Deleveled Puzzle Platformer Review

Deleveled is a challenging puzzle-platformer developed by ToasterFuel and published by Quantum Astrophysicists Guild. It released on all platforms on September 10, 2020 and this review will be based on the PC version. Inspired by Newton’s third law of motion, it is a platformer that doesn’t utilise a jump button. Instead, you control two blocks at a time and all of the vertical movement of the blocks comes from bouncing or falling. It’s a really interesting take on the platformer mechanics, and it does get really challenging as you progress through the game worlds.

The challenge starts off simple, teaching you the gravity-based mechanics where you move through the level to hit switches, dodge spikes and gaps, and complete puzzles. Depending on the height from which one block falls to the ground, it will give the same momentum to the other block when it hits the ground. Switches require two blocks to be touching the switches at the same time and then press spacebar. This means you sometimes need to use vertical and lateral blockages to reduce the size of the bounce, or to time the splitting of the squares so they bounce on different sides of an obstacle.

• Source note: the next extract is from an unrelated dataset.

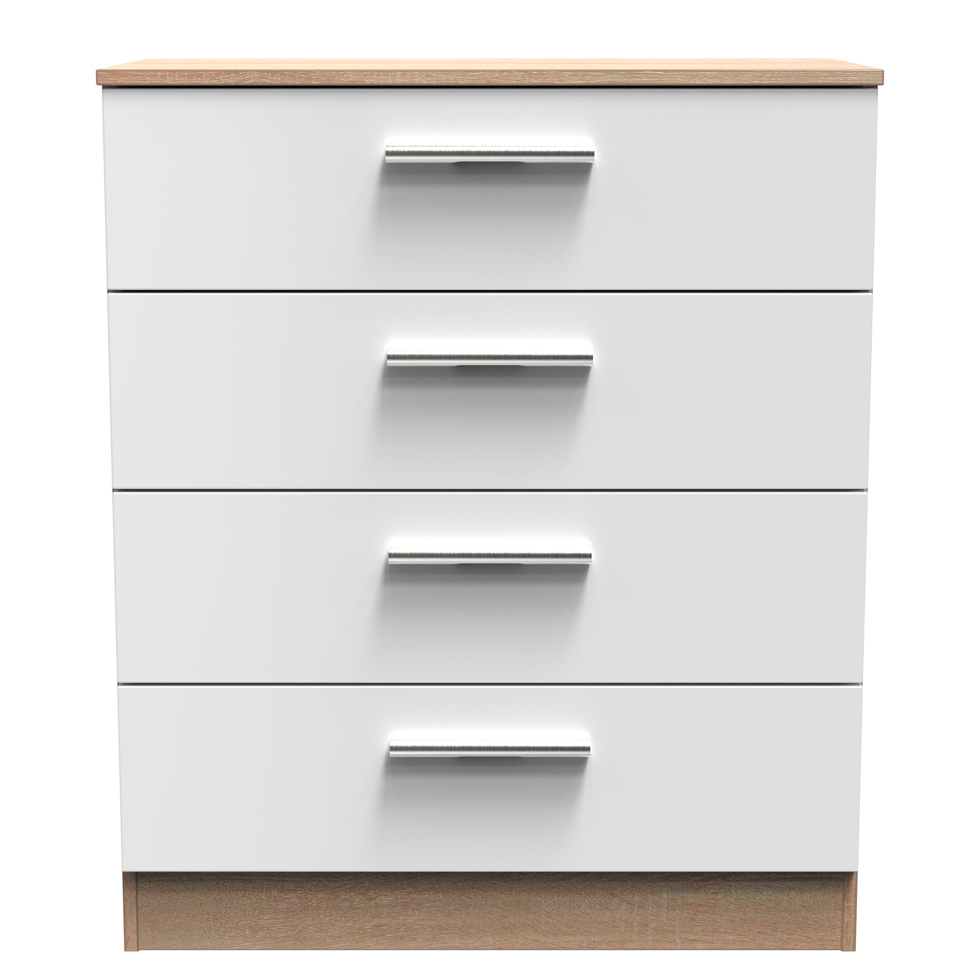 Contrast Chest of Drawers White & Oak 4 Drawers 89cm

The chiptune music tracks help to set a retro scene as you tackle these brain testers, with each world being stylised in different colours and patterns, with subtle lighting changes as you solve the switch puzzles.. By turning on all available switch combinations in a level, a final switch is revealed which is often harder than the previous ones. Completing a level with no mistakes will reward you with a star. As you progress through the levels, the complexity and difficulty ramp up and I started making mistakes. If you lose momentum by falling from a smaller height, or you fall off a ledge or bump the two blocks together, you’ll need to start again. Resetting a level means you cannot earn a star for completing the level. You have to complete the level on a fresh run to earn that shiny gold star.

There are 10 levels, a mystery secret level, and an unlockable level in each of the 10 worlds in Deleveled, so all up there are 120 challenging levels for you to master. Every 10 stars earned will unlock a final bonus level in each world. The mystery levels require completion of a specific level in that world, and it must be star completion.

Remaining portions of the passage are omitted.